**TASK DATA:**
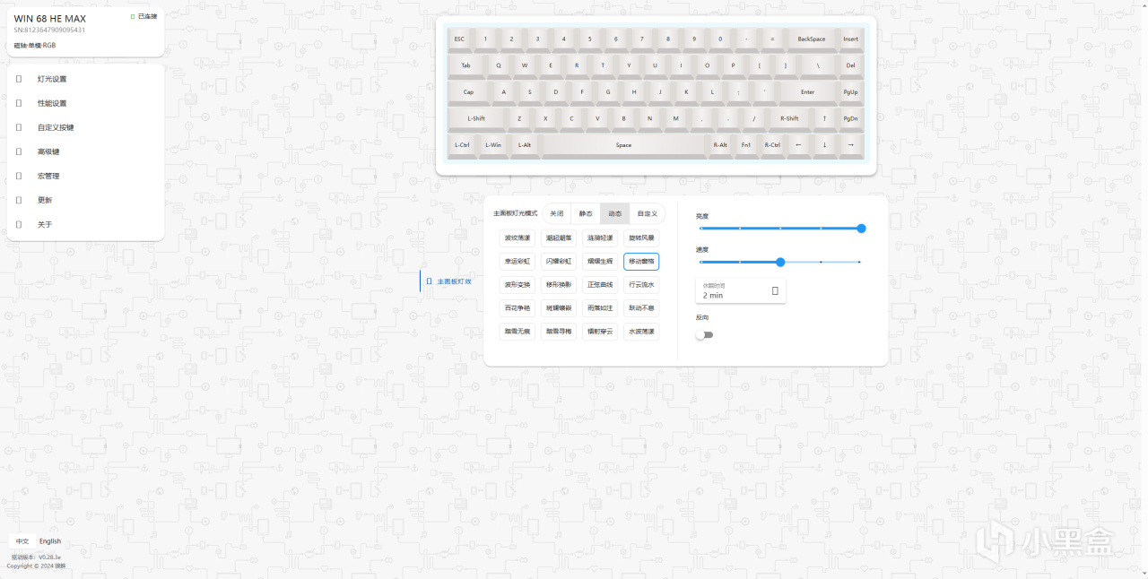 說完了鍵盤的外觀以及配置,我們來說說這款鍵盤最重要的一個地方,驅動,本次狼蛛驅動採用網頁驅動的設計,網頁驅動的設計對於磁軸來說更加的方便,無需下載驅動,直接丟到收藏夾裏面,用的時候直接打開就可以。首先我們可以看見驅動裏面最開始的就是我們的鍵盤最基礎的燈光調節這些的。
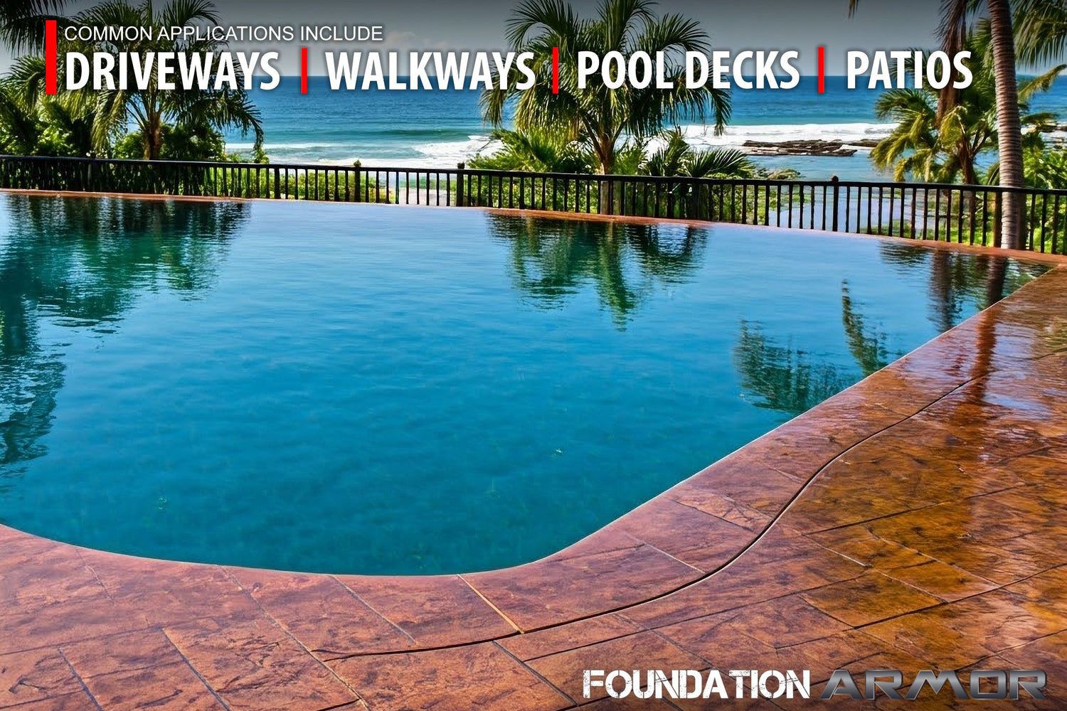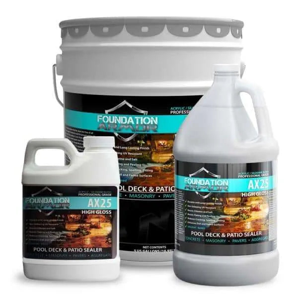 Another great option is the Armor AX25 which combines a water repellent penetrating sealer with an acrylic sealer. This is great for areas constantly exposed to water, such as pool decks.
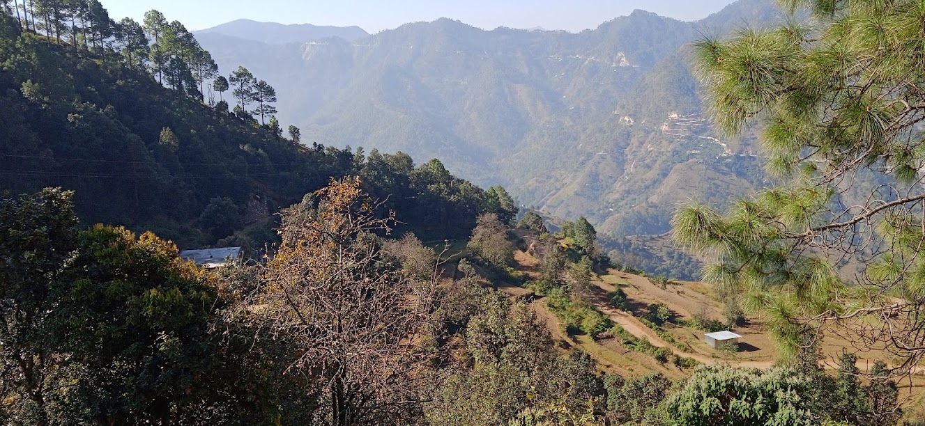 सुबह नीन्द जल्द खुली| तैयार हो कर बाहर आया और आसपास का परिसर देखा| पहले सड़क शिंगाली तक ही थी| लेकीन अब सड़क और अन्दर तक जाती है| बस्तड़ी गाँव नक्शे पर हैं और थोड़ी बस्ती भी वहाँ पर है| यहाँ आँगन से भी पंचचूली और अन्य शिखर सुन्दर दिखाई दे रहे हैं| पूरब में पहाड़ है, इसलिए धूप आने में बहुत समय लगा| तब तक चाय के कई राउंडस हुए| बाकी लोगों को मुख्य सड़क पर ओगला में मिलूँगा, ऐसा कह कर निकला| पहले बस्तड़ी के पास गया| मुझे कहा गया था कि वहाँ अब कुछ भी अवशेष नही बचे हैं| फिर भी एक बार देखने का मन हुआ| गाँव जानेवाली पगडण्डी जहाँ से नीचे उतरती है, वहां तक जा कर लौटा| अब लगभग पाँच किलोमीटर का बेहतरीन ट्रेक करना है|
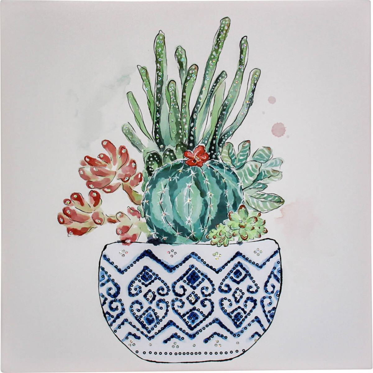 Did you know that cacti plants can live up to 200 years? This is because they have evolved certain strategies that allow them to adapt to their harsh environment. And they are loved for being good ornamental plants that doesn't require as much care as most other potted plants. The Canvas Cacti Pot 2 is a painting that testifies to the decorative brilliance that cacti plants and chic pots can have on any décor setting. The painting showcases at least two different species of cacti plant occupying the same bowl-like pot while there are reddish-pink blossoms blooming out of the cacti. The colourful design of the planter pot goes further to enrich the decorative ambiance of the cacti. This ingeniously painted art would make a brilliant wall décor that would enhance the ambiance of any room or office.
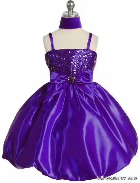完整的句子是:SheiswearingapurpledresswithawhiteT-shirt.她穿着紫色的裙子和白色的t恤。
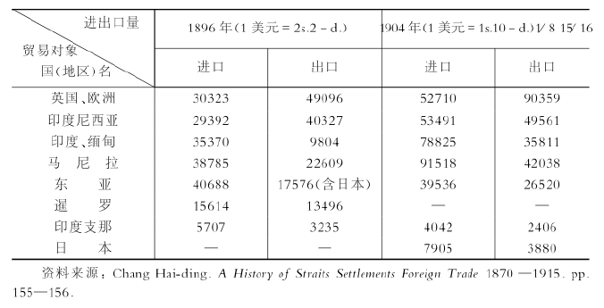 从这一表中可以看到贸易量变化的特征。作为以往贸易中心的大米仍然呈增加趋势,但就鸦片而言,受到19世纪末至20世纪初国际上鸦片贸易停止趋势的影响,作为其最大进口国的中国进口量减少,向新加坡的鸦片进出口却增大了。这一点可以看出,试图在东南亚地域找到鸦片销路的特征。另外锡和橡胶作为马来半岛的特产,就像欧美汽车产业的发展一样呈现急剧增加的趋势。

**PROBLEM:** Reproduce, word for word, every line from the start of the records down to and including the line with "सुबह नीन्द जल्द"; skip the pictures.

**TASK OUTPUT:**
 說完了鍵盤的外觀以及配置,我們來說說這款鍵盤最重要的一個地方,驅動,本次狼蛛驅動採用網頁驅動的設計,網頁驅動的設計對於磁軸來說更加的方便,無需下載驅動,直接丟到收藏夾裏面,用的時候直接打開就可以。首先我們可以看見驅動裏面最開始的就是我們的鍵盤最基礎的燈光調節這些的。
 Another great option is the Armor AX25 which combines a water repellent penetrating sealer with an acrylic sealer. This is great for areas constantly exposed to water, such as pool decks.
 सुबह नीन्द जल्द खुली| तैयार हो कर बाहर आया और आसपास का परिसर देखा| पहले सड़क शिंगाली तक ही थी| लेकीन अब सड़क और अन्दर तक जाती है| बस्तड़ी गाँव नक्शे पर हैं और थोड़ी बस्ती भी वहाँ पर है| यहाँ आँगन से भी पंचचूली और अन्य शिखर सुन्दर दिखाई दे रहे हैं| पूरब में पहाड़ है, इसलिए धूप आने में बहुत समय लगा| तब तक चाय के कई राउंडस हुए| बाकी लोगों को मुख्य सड़क पर ओगला में मिलूँगा, ऐसा कह कर निकला| पहले बस्तड़ी के पास गया| मुझे कहा गया था कि वहाँ अब कुछ भी अवशेष नही बचे हैं| फिर भी एक बार देखने का मन हुआ| गाँव जानेवाली पगडण्डी जहाँ से नीचे उतरती है, वहां तक जा कर लौटा| अब लगभग पाँच किलोमीटर का बेहतरीन ट्रेक करना है|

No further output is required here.